ENTRIES SUPPLIED —
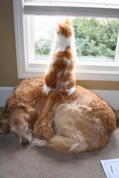 Bob is a very loving, very patient Golden Retriever. Here he is, with his little friends:
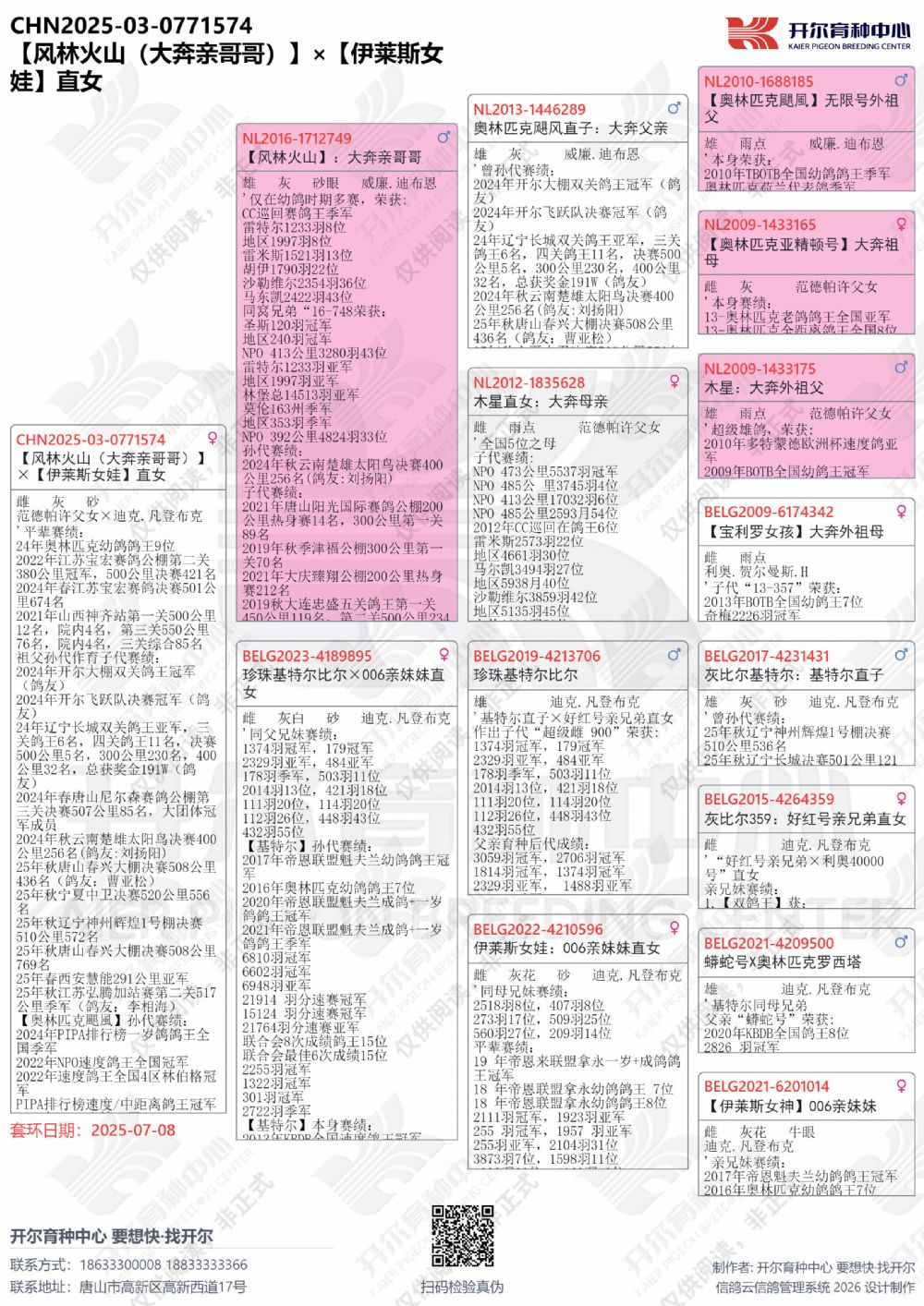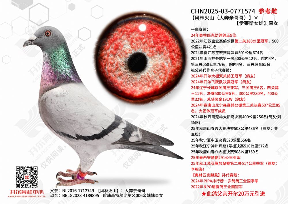| 1657120 | 掠金号×10年北京爱亚卡普鸽王亚军直女 | ¥3000元 | 1次 |
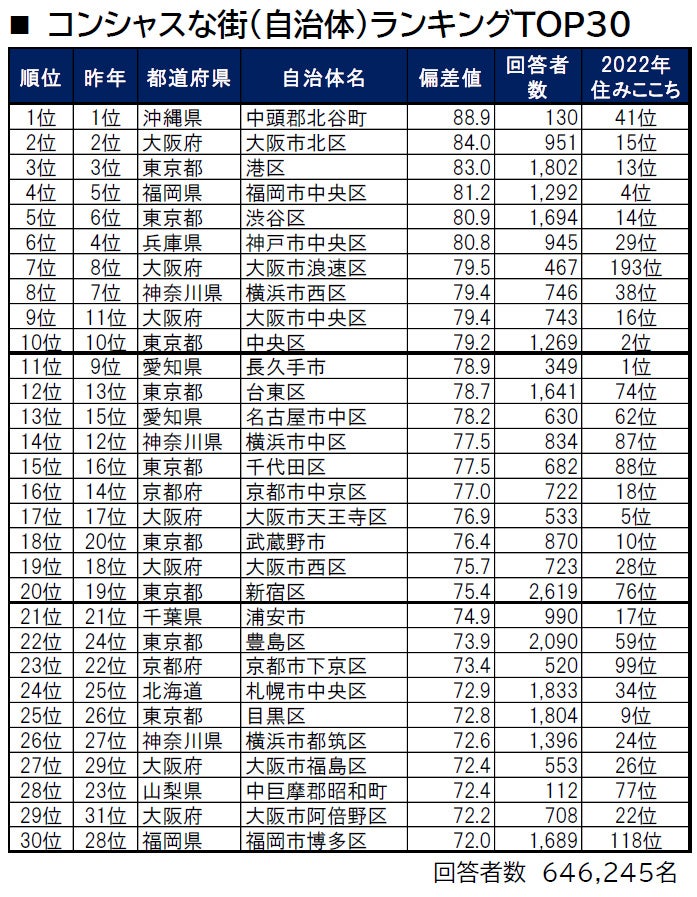 ■「コンシャスな街(自治体)」トップ3は、昨年と変わらず沖縄県中頭郡北谷町、大阪府大阪市北区、東京都港区
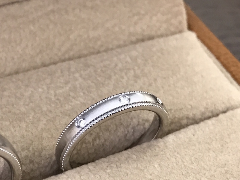 メンズはPt950幅4mm、サイズ10号ヘアライン加工&ミル打ち&ブラックダイヤモンド3石セッティングで、レディースはPt950幅3mm、サイズ6号ヘアライン加工&ミル打ち&ホワイトダイヤモンド3石セッティングでオーダーメイドとなりました。
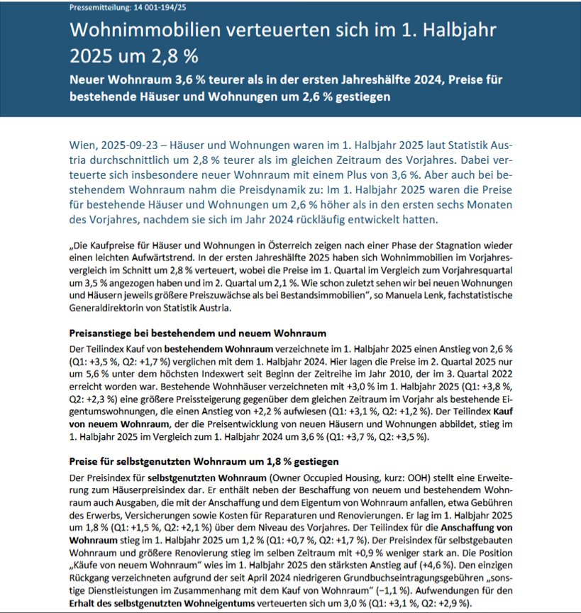 Der positive Trend bei der heimischen Wohnimmobilienpreisentwicklung bestätigt sich lt. Statistik Austria auch im 1. HJ 2025. Details unter: https://www.statistik.at/statistiken/volkswirtschaft-und-oeffentliche-finanzen/preise-und-preisindizes/haeuserpreisindex-und-ooh-pi |
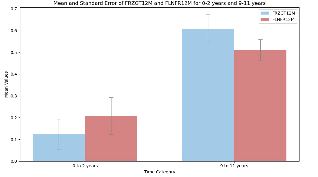 Mean and standard error for FRZGT12M and FLNFR12M
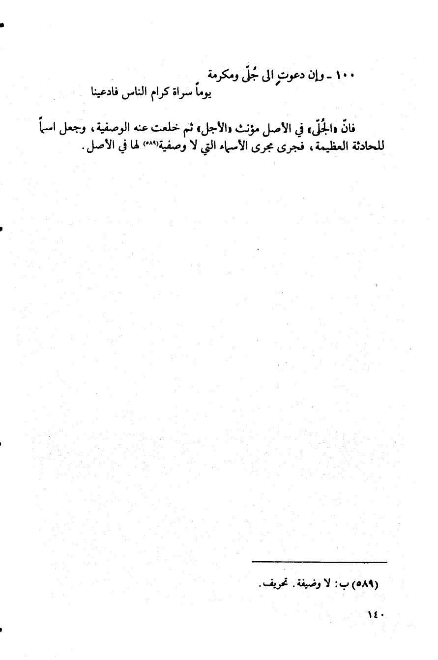 فإن "الجلى" في الأصل مؤنث "الأجل" ثم خلعت عنه الوصفية، وجعل اسمًا للحادثة العظيمة، فجرى مجرى الأسماء التي لا وصفية (¬589) لها في الأصل.
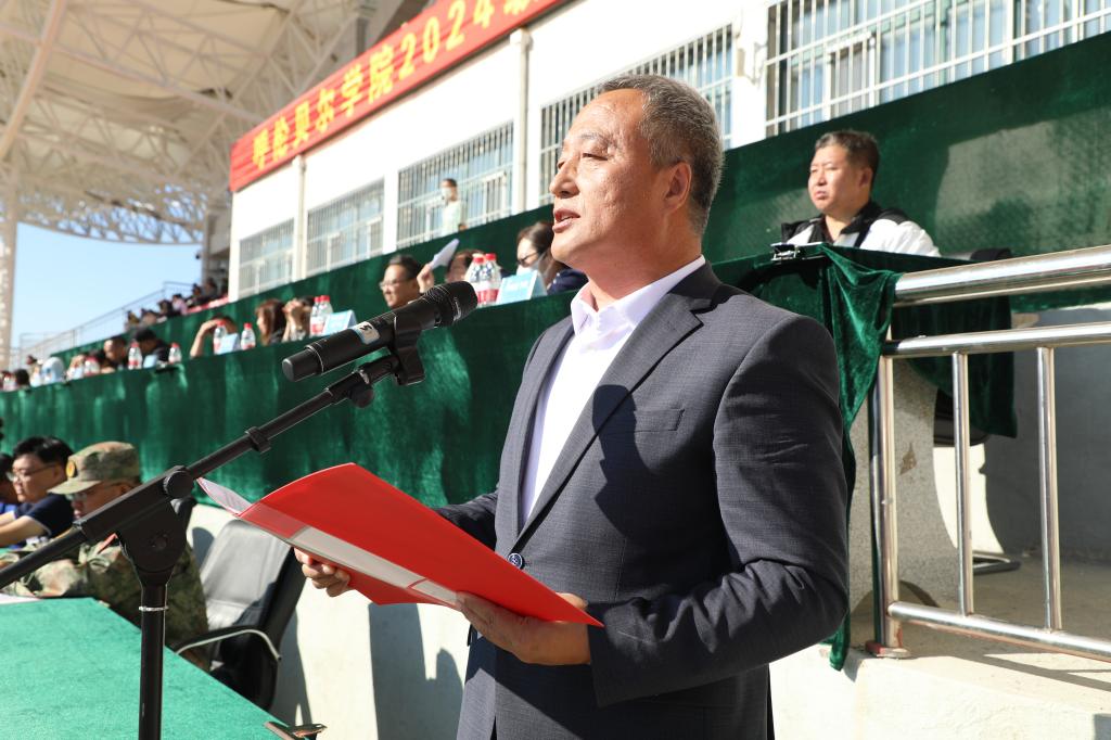 郝新君宣布艾佛森贝博ballbet官网2024级新生动员大会正式开始,他表示,2024级新生军训的号角已经吹响,相信经过高考磨炼的同学们,在经过21天的军训后,会更加成熟、稳重而自信。新的起点,新的希望,新的期待,让大家携起手来,齐心协力,共同创造呼院更加辉煌的明天!
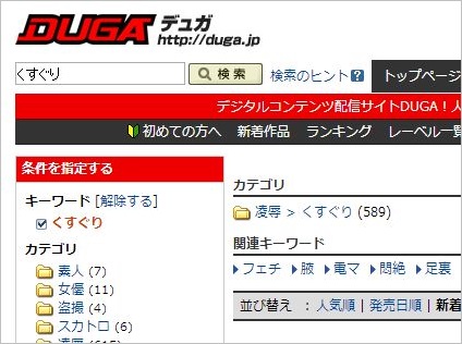 このように、「くすぐり」で検索しただけでも、くすぐりカテゴリで589件の動画がヒットします。

TRY IT — The complete material, set down exactly and stripped of pictures, is the expected response.

OUTPUT OF THE EXERCISE —
 Bob is a very loving, very patient Golden Retriever. Here he is, with his little friends:
| 1657120 | 掠金号×10年北京爱亚卡普鸽王亚军直女 | ¥3000元 | 1次 |
 ■「コンシャスな街(自治体)」トップ3は、昨年と変わらず沖縄県中頭郡北谷町、大阪府大阪市北区、東京都港区
 メンズはPt950幅4mm、サイズ10号ヘアライン加工&ミル打ち&ブラックダイヤモンド3石セッティングで、レディースはPt950幅3mm、サイズ6号ヘアライン加工&ミル打ち&ホワイトダイヤモンド3石セッティングでオーダーメイドとなりました。
 Der positive Trend bei der heimischen Wohnimmobilienpreisentwicklung bestätigt sich lt. Statistik Austria auch im 1. HJ 2025. Details unter: https://www.statistik.at/statistiken/volkswirtschaft-und-oeffentliche-finanzen/preise-und-preisindizes/haeuserpreisindex-und-ooh-pi |
 Mean and standard error for FRZGT12M and FLNFR12M
 فإن "الجلى" في الأصل مؤنث "الأجل" ثم خلعت عنه الوصفية، وجعل اسمًا للحادثة العظيمة، فجرى مجرى الأسماء التي لا وصفية (¬589) لها في الأصل.
 郝新君宣布艾佛森贝博ballbet官网2024级新生动员大会正式开始,他表示,2024级新生军训的号角已经吹响,相信经过高考磨炼的同学们,在经过21天的军训后,会更加成熟、稳重而自信。新的起点,新的希望,新的期待,让大家携起手来,齐心协力,共同创造呼院更加辉煌的明天!
 このように、「くすぐり」で検索しただけでも、くすぐりカテゴリで589件の動画がヒットします。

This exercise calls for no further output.